The Wall Should Be Paid For

Congress is expecting a request from the Trump Administration for $12 to $15 billion in supplemental appropriations to fund the construction of a border wall with Mexico, according to press reports. As we stated last week, Congress should fully offset the cost of this supplemental, particularly since it does not meet the criteria for an emergency.

With debt as a share of GDP higher than any time since World War II and growing, policymakers should pay for any new spending or tax breaks rather than allow them to increase the debt. In the case of the wall, offsets could either come from within the non-defense discretionary caps or by increasing the caps and identifying specific mandatory cuts or tax revenue to pay for that increase. In the past, we've suggested a number of possible offsets in our mandatory savings to pay for sequester, tax compliance proposals to increase revenue without changing the tax code, and potential offsets we suggested to pair with Zika funding, as well as a much larger list of mandatory and revenue options.

Current budget rules provide exceptions to PAYGO rules and discretionary spending caps in the case of an emergency. However, there is no justification for an emergency designation in this case. The bill is expected to provide additional funding for the 2006 Secure Fence Act in order to address a long-standing concern over illegal immigration across the U.S.-Mexican border.
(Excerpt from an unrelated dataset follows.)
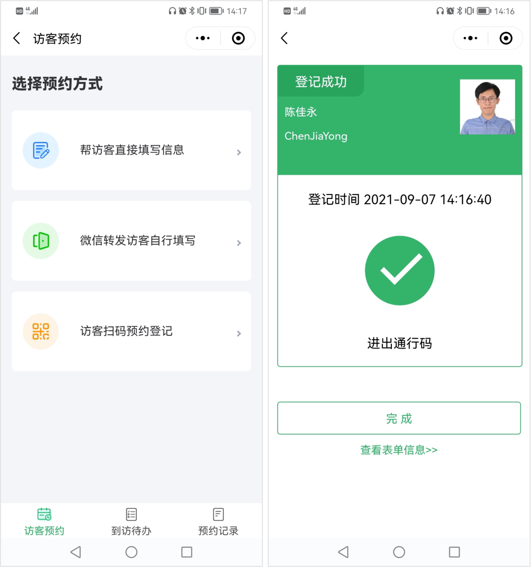 除了核验本公司的员工,以便通行以外,有些工卡还具备了访客预约和登记的功能。

Funding for a 10-year old law does not meet the criteria of an emergency: urgent, necessary, and unforeseen.

Unlike recent supplementals for Ebola or Zika and much like funding for the 2010 Census and extensions of unemployment benefits half a decade after the Great Recession began, funding for the wall is simply not addressing an unforeseen event with too little time to identify an offset.

If something is worth doing, it's worth paying for, whether its $15 billion for a wall, $500 billion to rebuild the military, $1 trillion to expand infrastructure, or several trillions in tax cuts.

As CRFB president Maya MacGuineas said in a recent statement:

Any border wall should be fully paid for in the same legislation that spends the funds, either through other spending cuts or revenue increases, and those pay-fors should be specific, credible, and not used to pay for multiple policies.

The first rule for getting out of a hole is to stop digging – this minimum criteria of complying with pay-as-you-go rules will at least keep our unsustainable debt situation from getting worse.

If we let these rules slide this time, who knows where that slippery slope might take us next as policymakers debate hundreds of billions of dollars of new spending on defense and infrastructure and trillions of dollars of potential revenue loss from tax cuts.

If Congress abandons budget discipline this time, it won't be Mexico paying for the wall, but the next generation of Americans.